- Church: Roman Catholic Church
- Archdiocese: Ranchi
- See: Ranchi
- Appointed: 24 June 2018
- Installed: 6 August 2018
- Term ended: 30 December 2023
- Predecessor: Telesphore Toppo
- Successor: Vincent Aind
- Previous post: Bishop of Jamshedpur (1997-2018)

Orders
- Ordination: 14 April 1982
- Consecration: 27 September 1997 by Telesphore Toppo

Personal details
- Born: Felix Toppo 21 November 1947 (age 78) Tongo, India
- Alma mater: Pontifical Gregorian University
- Motto: Adveniat regnum tuum

= Felix Toppo =

Indian prelate

Felix Toppo S.J. (born 21 November 1947) is an Indian prelate of the Catholic Church who was the Archbishop of Ranchi from 2018 to 2023. He was Bishop of Jamshedpur from 1997 to 2018.

He is a member of India's indigenous tribal people, like his predecessor as Archbishop of Ranchi, Cardinal Telesphore Toppo. The two are not related.

== Biography ==
He was born on 21 November 1947 in Tongo, in the Diocese of Gumla in Jharkhand.

He joined the Society of Jesus (Jesuits) in 1968. He was ordained a priest for the Society of Jesus on 14 April 1982. Within the Jesuits he has at times been director of pre-novices, novice master and superior.

He earned a master's degree in psychology from the Gregorian University, Rome, in 1990.

Pope John Paul II appointed him Bishop of Jamshedpur on 14 June 1997. He received his episcopal consecration from Cardinal Telesphore Placidus Toppo on 27 September 1997. Toppo was the first tribal to head the Diocese.

He chaired the CBCI Office for Clergy and Religious and headed the National Vocation Service Centre in Pune for four years.

In 2016, in an essay he contributed to a volume on gender and justice, he wrote that the Church's patriarchal structure had immediate consequences for women: "In the Church men traditionally are given the authoritative and leadership positions and women, religious or lay, are assigned generally to subservient roles rather than to decision making positions." (Note: The publisher is attached to Dharmaram College, "a pontifical athenaeum of theology, philosophy and canon law based in Bangalore".)

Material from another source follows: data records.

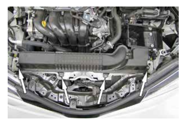
7. Remove the four bolts that secure the fresh air inlet duct and then remove the duct from the vehicle.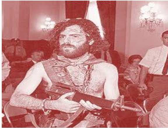
Famous radical Jerry Rubin advocating revolution

In the 1960s, the media began declaring journalism is “the rough draft of history.” However, this idea becomes patently ridiculous in the way the “mediums” portrayed the 1950s Republican McCarthy investigations into the communist infiltration of American government, entertainment and education. “There was no underground swarm of treasonous “reds” in America,” journalists scoffed for decades. “No, no, no - it was nothing more than the paranoid delusion of evangelicals, conservatives and Republicans.” “Anyone,” they insisted, “who believes that there is a secret ‘communist conspiracy’ in America is a paranoid ‘conspiracy theorist’.”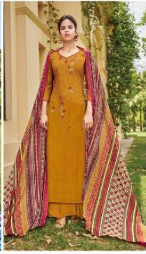
CODE # 9402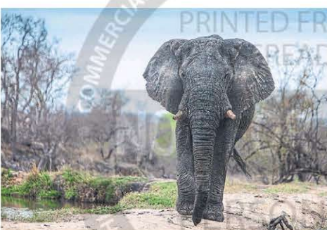
Flapping ears tells us to back off and give this guy space at the South Luangwa National Park.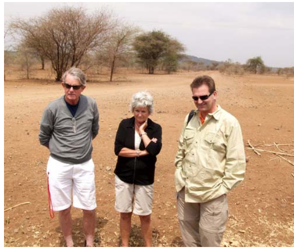
On the way to Ngorogoro Crater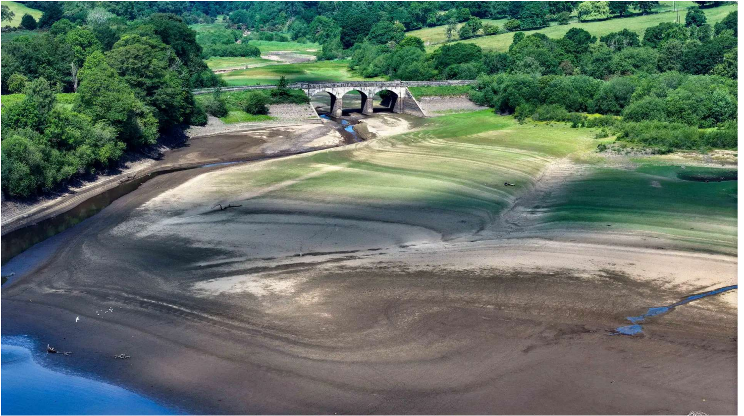
In this aerial view, low water levels reveal the reservoir bed at Lindley Wood Reservoir in Yorkshire after the driest spring in 132 years in Otley, England, on June 17, 2025. Yorkshire has become the second region to be declared in drought status by the Environment Agency after low rainfall this year and reservoirs at 64.6 percent capacity, below the expected 80–85 percent at this time of year.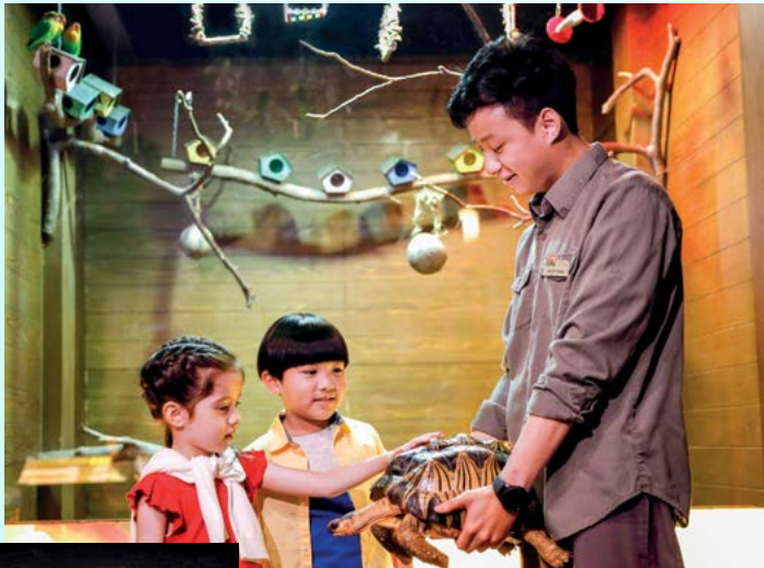
The Ark Expo has conserved numerous protected endangered species, including the radiated tortoise and African grey parrot 「方舟博覽館」養飼了多款受保護的瀕危動物，如屬輻射龜及非洲灰鸚鵡等

The Group attaches great importance to Environmental, Social and Governance (ESG), and contributes to the sustainable development of society. One of the Group's key ESG initiatives is developing and managing Ma Wan Park, on Man Wan, an island in Hong Kong. The Group has preserved the native ecosystem in Ma Wan, while spreading the green message, and to fulfil its mission of educating the public and caring for the underprivileged. Ma Wan Park not only serves as a tourist spot for edutainment, but also as a platform to serve the community.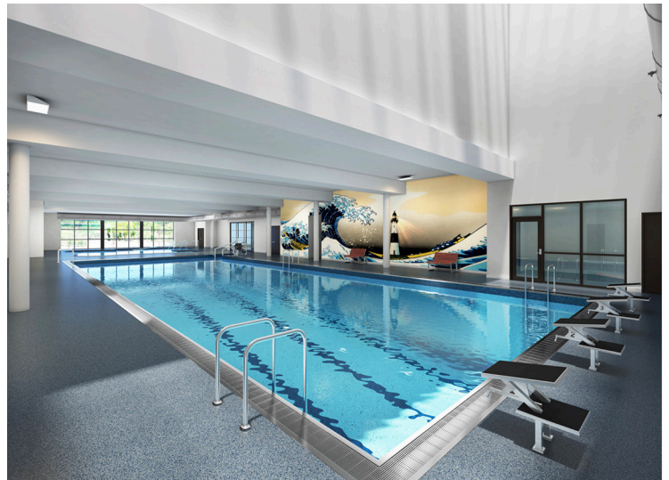
New renderings show what the Montauk Playhouse Aquatic Center, which will have both a lap pool and a therapeutic pool, will look like.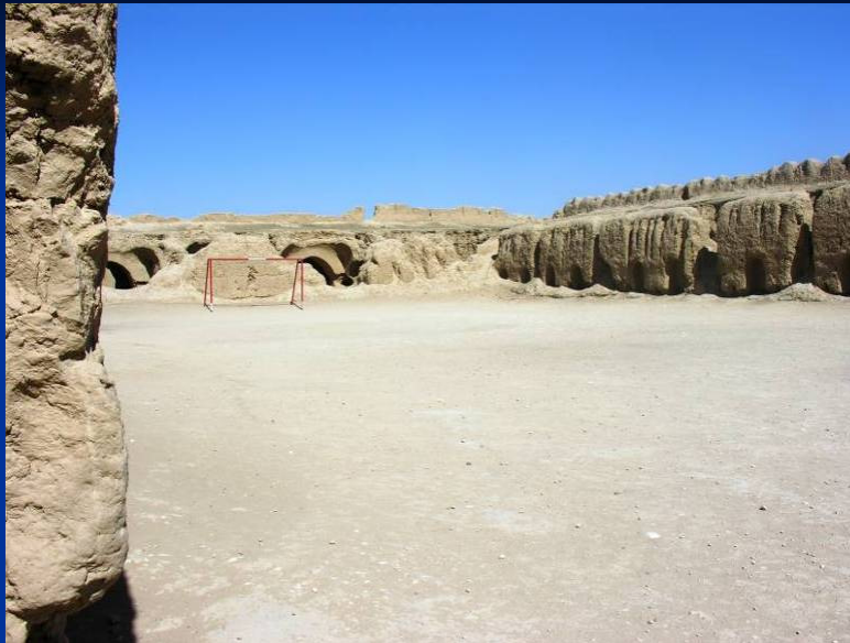
Landmines and livelihoods: Kabul February 2011

On 24 June 2018 Pope Francis named him Archbishop of Ranchi. He was installed there on 6 August. That same month, he confronted civil authorities, controlled by the Hindu nationalist Bharatiya Janata Party, when they initiated investigations of Catholic NGOs accused of "proselytization activities through inducement". He said no specifics were provided and complained that "nothing of the sort happens with pro-Hindu organizations". He said the probes were designed to divide the Catholic and Hindu within the tribal population in advance of elections. In December he praised the government for protecting tribal land rights by denying the right to purchase tribal lands to the non-tribal husband of a tribal woman.

As of 2018, he chaired the governing body of the Society for Medical Education, North India, of the Catholic Bishops' Conference of India (CBCI), which built a hospital to provide care for the tribal people and the poor. He was chairperson of the Regional Bishops' Council of Jharkhand and Andaman. He was also vice-chancellor of St. Albert's College, Ranchi, the region's major seminary. Within the Conference of Catholic Bishops of India, he was one of three members of the Commission for Vocations, Seminarians, Clergy and Religious.

Pope Francis accepted his resignation on 30 December 2023.